They also look at the type of errors. Wrong patient, med, or directions are obviously worse then say wrong doctor.
 
I have been a floater pharmacist with walgreens for 8 months now, and I have already gotten 6 STARS. would this stop me from getting my own store? How many of these events before you get in trouble?
6 of them will get you a visit from the district manager....I don’t know the timespan thiugh
 
6 of them will get you a visit from the district manager....I don’t know the timespan thiugh

It has to be 2 within same week or 3 within 1 month. 6 errors in 8 months is not bad and will not get any visit or call from DM. I had 15 errors last year but my store is a high volume 400+ scripts/day. DM did not mention anything to me about my errors.
 
It has to be 2 within same week or 3 within 1 month. 6 errors in 8 months is not bad and will not get any visit or call from DM. I had 15 errors last year but my store is a high volume 400+ scripts/day. DM did not mention anything to me about my errors.
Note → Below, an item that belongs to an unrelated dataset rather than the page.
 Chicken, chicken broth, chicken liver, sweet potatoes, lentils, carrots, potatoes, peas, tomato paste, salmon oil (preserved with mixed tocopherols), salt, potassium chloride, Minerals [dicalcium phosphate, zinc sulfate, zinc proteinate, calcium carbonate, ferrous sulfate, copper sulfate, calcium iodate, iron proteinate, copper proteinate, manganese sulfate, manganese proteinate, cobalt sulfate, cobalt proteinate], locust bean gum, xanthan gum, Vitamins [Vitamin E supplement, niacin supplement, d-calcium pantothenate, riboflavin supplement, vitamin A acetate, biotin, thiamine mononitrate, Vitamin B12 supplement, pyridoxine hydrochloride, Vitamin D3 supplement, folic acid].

I worked there almost 9 years and I have never heard what standards are before they take action against your employment. I am gonna guess they do this so people strive for the best quality. 6 errors in 8 months is bad and certainly 15 in a year is horrible. Our first obligation is do no harm. 400 rxs is not high volume either that's probably a tier 2 store. It is possible to achieve far better. I would suggest you reset your perspective.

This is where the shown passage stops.